* **WHAT TO PRODUCE**
Set down word for word each line from the one containing "As its name" through the end of the records, both included. Do not copy any pictures.

Extracted data entries
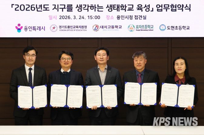 KPSNEWS 김채경 기자 | 용인특례시는 24일 시청 접견실에서 용인교육지원청을 비롯해 3개 학교와 ‘지구를 생각하는 생태학교 육성사업’을 위한 협약을 맺었다.
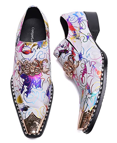 Santimon Mens Genuine Leather Dress Loafers Formal Business Snaffle Floral Bit Comfortable Metallic Cap Slip On Party Shoes 7
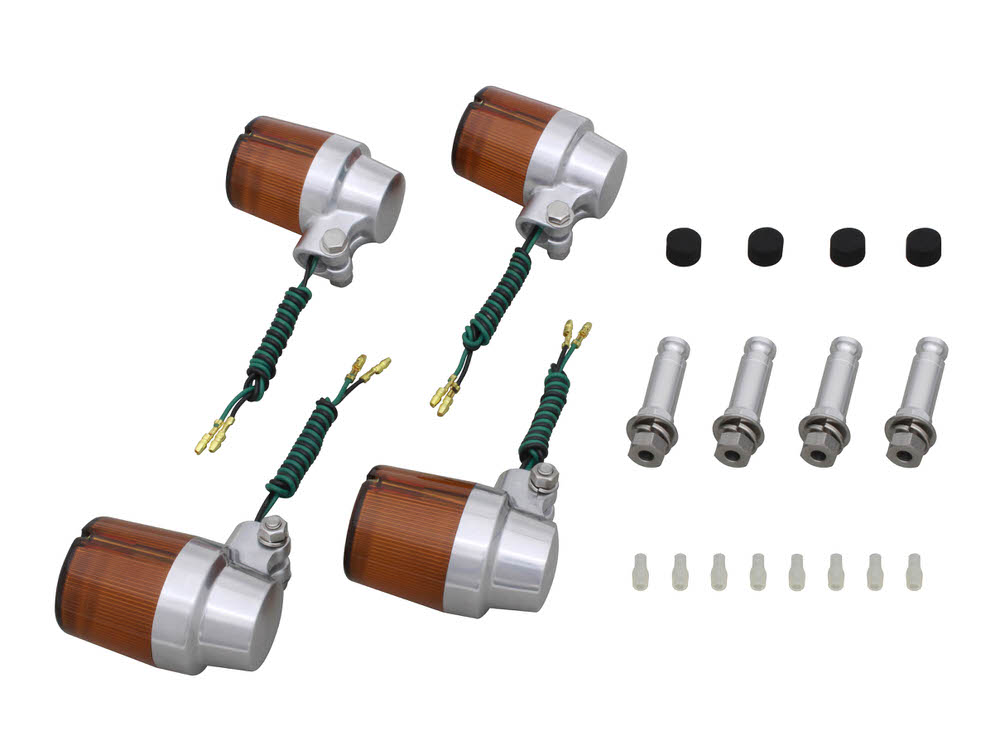キャストウインカーシリーズのネオクラシックなスーパーバイクタイプ!取り付けに必要なステー類を一式セットにした車種専用ボルトオンキットです。■鋳造アルミボディ。バフ仕上げ/ブラック塗装仕上げをご用意■定番のヨーロピアンタイプ■一台分に必要なパーツを全てパッケージング、配線加工不要のボルトオン設計■補修パーツも充実、安心してご使用して頂けます。■付属電球:フロント(S球)12V23W/リア(S球)12V23W【キット内容】1.ウインカー本体×4個2.ウインカーステーロング×4本3.M10X30ボルト×4本4.M10ワッシャー・スプリングワッシャー×各4個5.防水スポンジ×4個
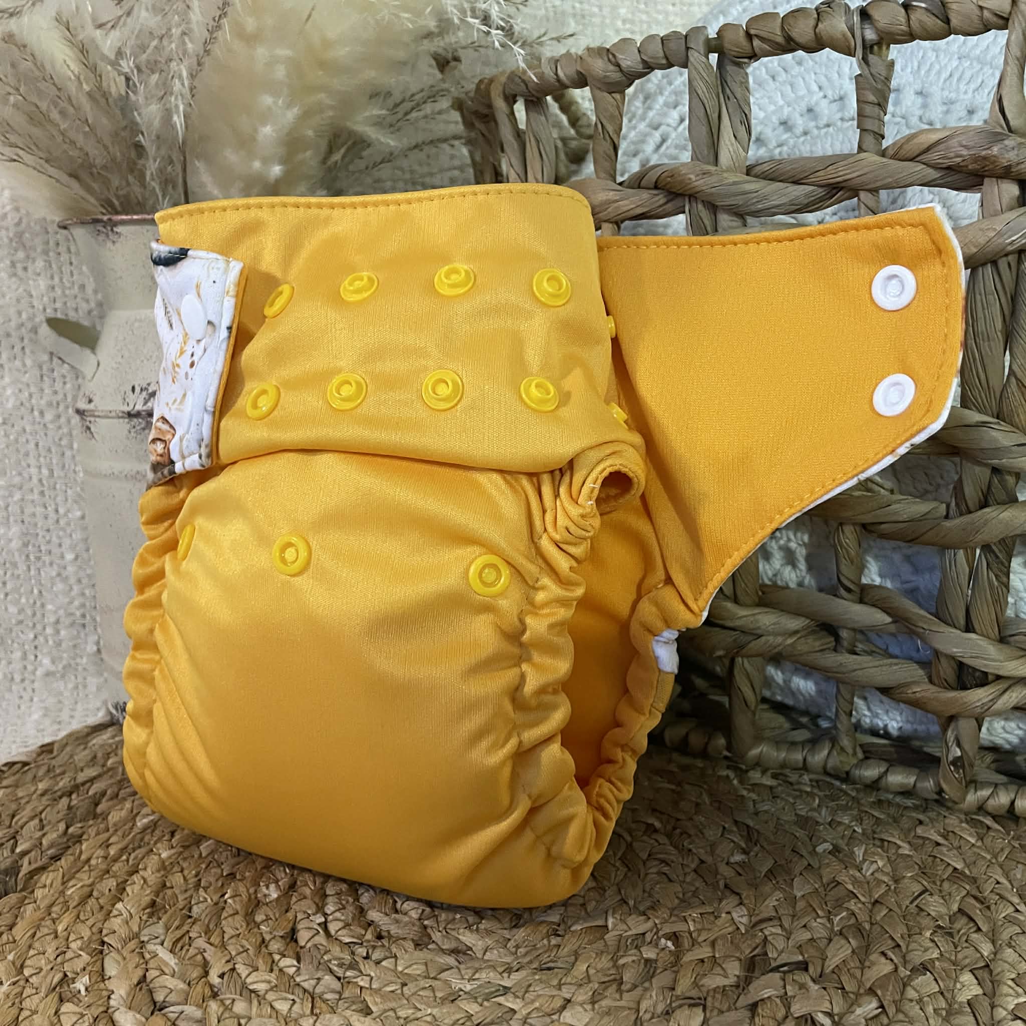 L’extérieur de la couche est fabriqué d'un polyester à motif sur toute la surface de la couche et celui-ci est entièrement doublé de tissu imperméable (PUL) 100% polyester. Notre couche tout motif est plus mince que notre couche wrap tout en étant aussi étanche !
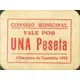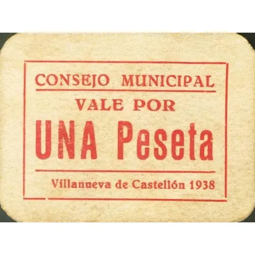 | Obverse lettering | CONSEJO MUNICIPAL VALE POR UNA Peseta Villanueva de Castellón 1938 (Translation: Municipal Council Valid for One Peseta Villanueva de Castellón 1938) |
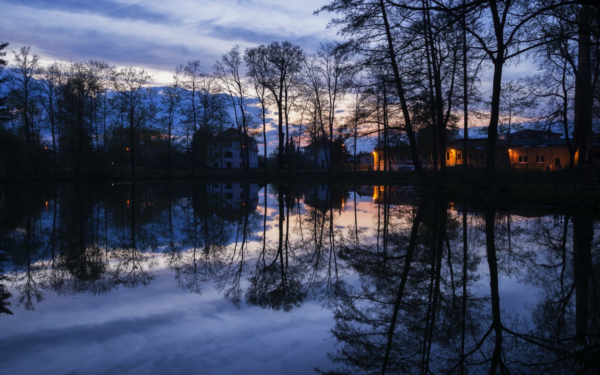 Odbicie zachodu Słońca na leśnym jeziorze krajobraz
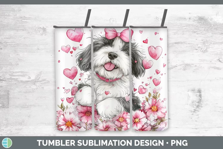 Valentine Dogs Old English Sheepdog Tumbler Sublimation 20 o
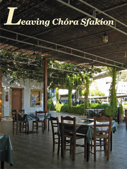 As its name (‘Sfakiá’s town’) indicates, Chóra Sfakíon, though not much bigger than a village, is the capital and the largest town of the Sfakiá district, which has a reputation for the kind of cultural conservatism that manifests itself in stubborn independence and blood feuds. It certainly does seem that no revolution has ever occurred in Crete that Sfákians didn’t join, if they didn’t start it themselves, and perhaps such independent-minded folk need nothing bigger than Chóra Sfakíon in the way of a metropolis. Since the town lacks space to grow any larger than it is, the question is moot. Today, it’s a peaceful seaside village with some nice hotels and restaurants, and we were looking forward to a few days’ change of pace.
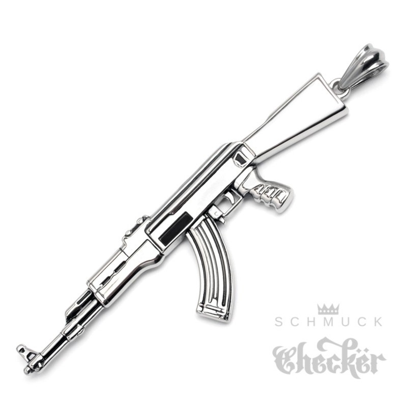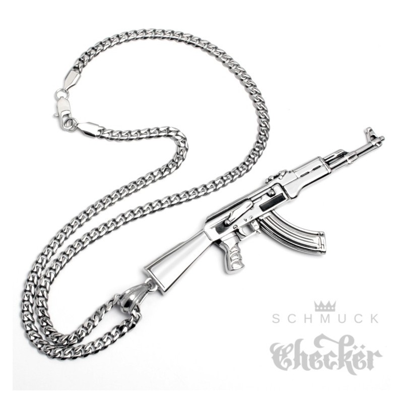 XL Edelstahl Anhänger Gewehr Kalaschnikow AK-47 + 60cm Panzerkette

* **THE ANSWER**
 As its name (‘Sfakiá’s town’) indicates, Chóra Sfakíon, though not much bigger than a village, is the capital and the largest town of the Sfakiá district, which has a reputation for the kind of cultural conservatism that manifests itself in stubborn independence and blood feuds. It certainly does seem that no revolution has ever occurred in Crete that Sfákians didn’t join, if they didn’t start it themselves, and perhaps such independent-minded folk need nothing bigger than Chóra Sfakíon in the way of a metropolis. Since the town lacks space to grow any larger than it is, the question is moot. Today, it’s a peaceful seaside village with some nice hotels and restaurants, and we were looking forward to a few days’ change of pace.
 XL Edelstahl Anhänger Gewehr Kalaschnikow AK-47 + 60cm Panzerkette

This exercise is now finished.